The package vignettes can be found in the “Articles” tab of the cdata documentation site.

Conclusion

The key step in using cdata is to understand the record structure: what constitutes a record, what it would look like in a single row, and how the records are keyed. This is not always easy. However, understanding your data record layout is worth the effort. Once you understand the record structure of your data, the rest is relatively straightforward. Really all one is doing when using cdata is formalizing the transform “ask” into a machine readable example.

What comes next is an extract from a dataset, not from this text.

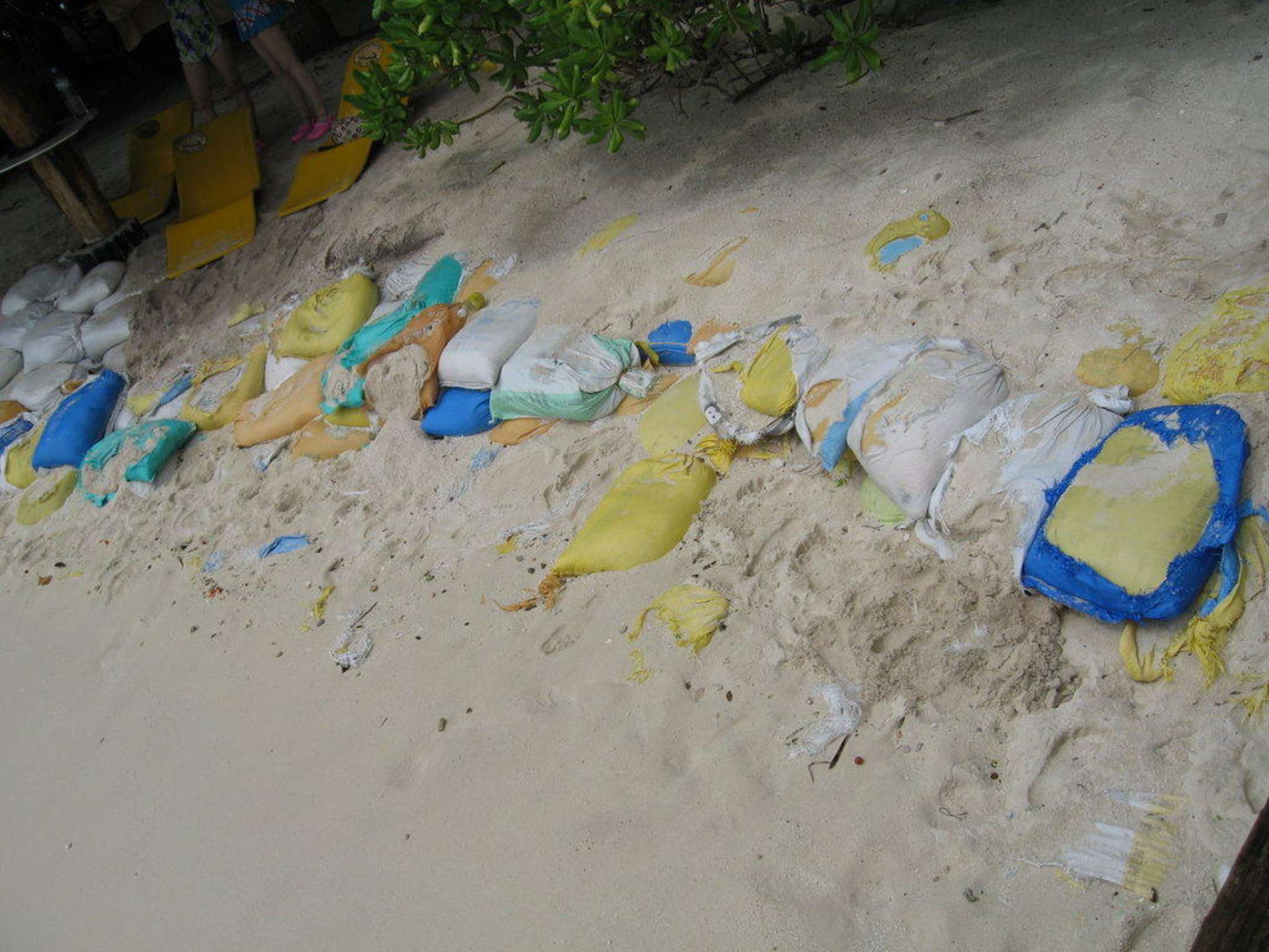 Überall auf der Insel sind die Erosionsverbauungen mittels farbiger und ausgefransten Kunststoffsäcken gebastelt. Hat eher die Optik einer Müllhalde.

To make your own solutions, we suggest trying one of the above example solutions as a template. The idea of having the data layout transform be simple data (a list of a couple of data.frames) means one can use the full power of R and other R packages to build the data layout transform specification (one isn’t limited to some interface grammar specified by the data layout transform package). The idea of using arbitrary code to build up a data layout transform was used to good end in the grid scatter-plot example here.

We also note the value of being able to print and review the bulk of data layout transform, as it documents expected incoming data columns and interior block record key values.